米原発会社の破綻承認 東芝、損失1兆円規模に

 東芝は二十九日の取締役会で、米原発子会社ウェスチングハウス・エレクトリック(WH)による米連邦破産法一一条(日本の民事再生法に相当)の適用申請を承認した。WHは米国の裁判所に申請し、経営破綻する。破綻処理により、東芝は一兆円規模に上るとみられる損失額を確定させる。

 破産法の適用が決まれば、WHに対する債権の回収や訴訟は自動的に停止され、WHは事業を継続しながら再建を目指すことになる。破産法の適用によって東芝は米国での原発建設の遅れなどに伴う損失の拡大を抑えられるが、WHに対して七千九百三十四億円の債務保証があり、債務の肩代わりを求められる可能性が生じる。

 東芝は二〇一七年三月期の原発関連の損失を七千百二十五億円と見込んでいたが、債務保証の負担が加われば、損失は総額一兆円規模に上るとみられる。これにより東芝は三月末に負債が資産を上回る債務超過に陥る見込み。穴埋めのために半導体事業の売却を急ぐ方針で、二十九日に売却先の企業を決める入札の受け付けを締め切る。

 東芝は三十日に臨時株主総会を開き、巨額損失について株主に説明。穴埋めのため半導体事業を分社化する計画の承認を求める。

 債務超過を解消するため東芝は稼ぎ頭の半導体事業を分社化、株式の過半を売却し一兆〜二兆円規模の巨額資金を調達したい考え。入札に関心を示しているのは米国や韓国のメーカーなど海外勢が多い。シャープを傘下に収めた台湾の鴻海(ホンハイ)精密工業や中国企業も名乗りを上げる可能性がある。
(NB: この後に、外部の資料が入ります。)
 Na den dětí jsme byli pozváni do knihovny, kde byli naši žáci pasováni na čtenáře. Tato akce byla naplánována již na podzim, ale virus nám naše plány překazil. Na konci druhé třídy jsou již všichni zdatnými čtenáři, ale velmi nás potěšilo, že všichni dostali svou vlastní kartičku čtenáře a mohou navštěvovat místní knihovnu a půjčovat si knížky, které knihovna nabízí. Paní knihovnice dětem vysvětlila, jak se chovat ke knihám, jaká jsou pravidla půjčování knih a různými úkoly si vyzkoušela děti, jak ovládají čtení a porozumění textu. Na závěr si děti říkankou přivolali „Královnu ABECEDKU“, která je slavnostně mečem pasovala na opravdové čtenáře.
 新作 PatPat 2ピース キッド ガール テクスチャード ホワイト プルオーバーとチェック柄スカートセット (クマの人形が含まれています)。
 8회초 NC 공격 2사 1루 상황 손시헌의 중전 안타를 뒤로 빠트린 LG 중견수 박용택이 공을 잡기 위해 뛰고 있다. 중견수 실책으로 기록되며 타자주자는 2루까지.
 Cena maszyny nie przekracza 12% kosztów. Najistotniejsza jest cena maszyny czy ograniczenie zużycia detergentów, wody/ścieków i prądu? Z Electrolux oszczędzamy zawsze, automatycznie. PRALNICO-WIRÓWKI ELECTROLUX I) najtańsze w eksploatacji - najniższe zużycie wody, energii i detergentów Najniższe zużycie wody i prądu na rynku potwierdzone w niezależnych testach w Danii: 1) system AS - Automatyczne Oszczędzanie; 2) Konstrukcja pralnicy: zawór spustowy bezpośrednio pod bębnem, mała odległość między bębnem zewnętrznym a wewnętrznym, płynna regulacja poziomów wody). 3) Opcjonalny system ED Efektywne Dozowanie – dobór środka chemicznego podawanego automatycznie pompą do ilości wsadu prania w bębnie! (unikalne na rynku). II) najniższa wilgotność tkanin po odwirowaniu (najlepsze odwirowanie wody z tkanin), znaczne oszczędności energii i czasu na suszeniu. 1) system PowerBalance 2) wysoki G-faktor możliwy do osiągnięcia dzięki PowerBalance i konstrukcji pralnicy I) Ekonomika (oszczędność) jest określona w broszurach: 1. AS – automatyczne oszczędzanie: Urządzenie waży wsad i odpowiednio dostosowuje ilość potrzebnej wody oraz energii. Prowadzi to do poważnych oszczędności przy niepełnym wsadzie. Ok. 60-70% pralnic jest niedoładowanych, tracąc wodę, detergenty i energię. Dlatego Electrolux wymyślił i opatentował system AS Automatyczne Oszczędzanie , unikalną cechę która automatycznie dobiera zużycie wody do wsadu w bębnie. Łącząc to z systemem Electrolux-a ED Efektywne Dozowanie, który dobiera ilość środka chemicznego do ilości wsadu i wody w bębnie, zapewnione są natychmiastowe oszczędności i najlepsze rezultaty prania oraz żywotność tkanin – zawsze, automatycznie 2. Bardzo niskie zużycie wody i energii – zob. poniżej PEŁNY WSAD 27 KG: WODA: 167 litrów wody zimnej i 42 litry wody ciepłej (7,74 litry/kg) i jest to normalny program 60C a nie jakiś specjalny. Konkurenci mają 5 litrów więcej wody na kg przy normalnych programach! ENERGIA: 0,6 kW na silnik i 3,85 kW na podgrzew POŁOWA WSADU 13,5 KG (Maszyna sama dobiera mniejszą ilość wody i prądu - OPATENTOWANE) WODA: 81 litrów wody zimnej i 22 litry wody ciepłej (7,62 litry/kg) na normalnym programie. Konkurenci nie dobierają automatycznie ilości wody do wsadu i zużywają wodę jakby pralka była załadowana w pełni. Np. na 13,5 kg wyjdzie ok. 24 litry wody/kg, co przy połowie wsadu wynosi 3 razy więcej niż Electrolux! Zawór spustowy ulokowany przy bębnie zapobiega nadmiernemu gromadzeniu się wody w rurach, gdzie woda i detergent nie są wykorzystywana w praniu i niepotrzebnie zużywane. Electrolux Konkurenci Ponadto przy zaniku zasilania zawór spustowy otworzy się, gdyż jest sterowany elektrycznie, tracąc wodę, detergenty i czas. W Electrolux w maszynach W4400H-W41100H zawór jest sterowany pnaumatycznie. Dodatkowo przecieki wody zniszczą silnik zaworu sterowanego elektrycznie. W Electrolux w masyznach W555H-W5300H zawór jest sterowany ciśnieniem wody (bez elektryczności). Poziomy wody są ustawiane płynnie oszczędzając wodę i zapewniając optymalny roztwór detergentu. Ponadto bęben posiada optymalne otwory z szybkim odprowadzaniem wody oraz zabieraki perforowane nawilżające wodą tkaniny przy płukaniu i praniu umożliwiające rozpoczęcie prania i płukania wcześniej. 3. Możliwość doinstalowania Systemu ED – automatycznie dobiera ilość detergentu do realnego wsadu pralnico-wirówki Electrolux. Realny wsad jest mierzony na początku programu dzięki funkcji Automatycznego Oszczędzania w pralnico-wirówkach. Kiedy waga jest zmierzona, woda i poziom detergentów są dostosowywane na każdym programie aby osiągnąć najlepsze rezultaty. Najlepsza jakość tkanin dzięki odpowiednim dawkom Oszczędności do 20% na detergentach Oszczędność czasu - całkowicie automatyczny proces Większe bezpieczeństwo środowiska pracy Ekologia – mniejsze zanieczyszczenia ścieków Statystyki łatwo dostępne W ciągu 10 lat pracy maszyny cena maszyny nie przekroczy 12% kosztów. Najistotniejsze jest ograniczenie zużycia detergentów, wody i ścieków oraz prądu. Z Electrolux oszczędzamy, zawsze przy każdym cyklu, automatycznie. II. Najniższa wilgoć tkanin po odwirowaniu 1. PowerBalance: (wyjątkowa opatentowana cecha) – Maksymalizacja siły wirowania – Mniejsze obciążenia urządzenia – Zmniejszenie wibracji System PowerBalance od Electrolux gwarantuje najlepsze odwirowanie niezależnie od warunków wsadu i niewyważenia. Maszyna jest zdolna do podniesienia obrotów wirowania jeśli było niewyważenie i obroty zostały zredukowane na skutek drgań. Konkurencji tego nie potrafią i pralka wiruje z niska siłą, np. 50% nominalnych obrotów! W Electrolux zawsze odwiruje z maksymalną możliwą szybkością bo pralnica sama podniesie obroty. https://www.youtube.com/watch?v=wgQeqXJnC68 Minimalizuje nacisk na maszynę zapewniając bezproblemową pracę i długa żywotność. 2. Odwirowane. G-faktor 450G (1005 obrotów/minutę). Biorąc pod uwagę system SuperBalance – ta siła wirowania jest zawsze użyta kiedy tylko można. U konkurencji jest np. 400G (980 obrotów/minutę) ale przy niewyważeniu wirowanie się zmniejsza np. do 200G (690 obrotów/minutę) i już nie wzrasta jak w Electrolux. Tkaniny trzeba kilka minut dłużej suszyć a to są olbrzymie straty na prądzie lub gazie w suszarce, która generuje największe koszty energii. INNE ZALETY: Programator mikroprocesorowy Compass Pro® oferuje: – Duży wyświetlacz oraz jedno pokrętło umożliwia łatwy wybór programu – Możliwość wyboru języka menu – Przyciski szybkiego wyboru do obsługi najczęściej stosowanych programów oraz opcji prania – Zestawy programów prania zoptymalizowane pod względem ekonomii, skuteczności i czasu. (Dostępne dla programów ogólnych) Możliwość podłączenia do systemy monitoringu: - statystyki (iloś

 半導体関連の国外への技術流出を防ぎたい政府は、政府系の日本政策投資銀行や官民ファンドの産業革新機構を中心に国内勢の出資を募る方策を模索している。外為法に基づき、政府が海外企業への売却を制限する可能性もあり、手続きの難航も予想される。

<米連邦破産法11条> 米国の法的整理手続きを定めた連邦破産法の一部。日本の民事再生法に似た仕組みで、一般に「チャプター・イレブン」と呼ばれる。多額の負債を抱えて経営難に陥った企業が申請、事業を継続しながら負債を整理し、再建を目指すことができる。過去には、自動車大手ゼネラル・モーターズ(GM)や写真用品大手イーストマン・コダック、航空大手アメリカン航空など著名企業も申請した。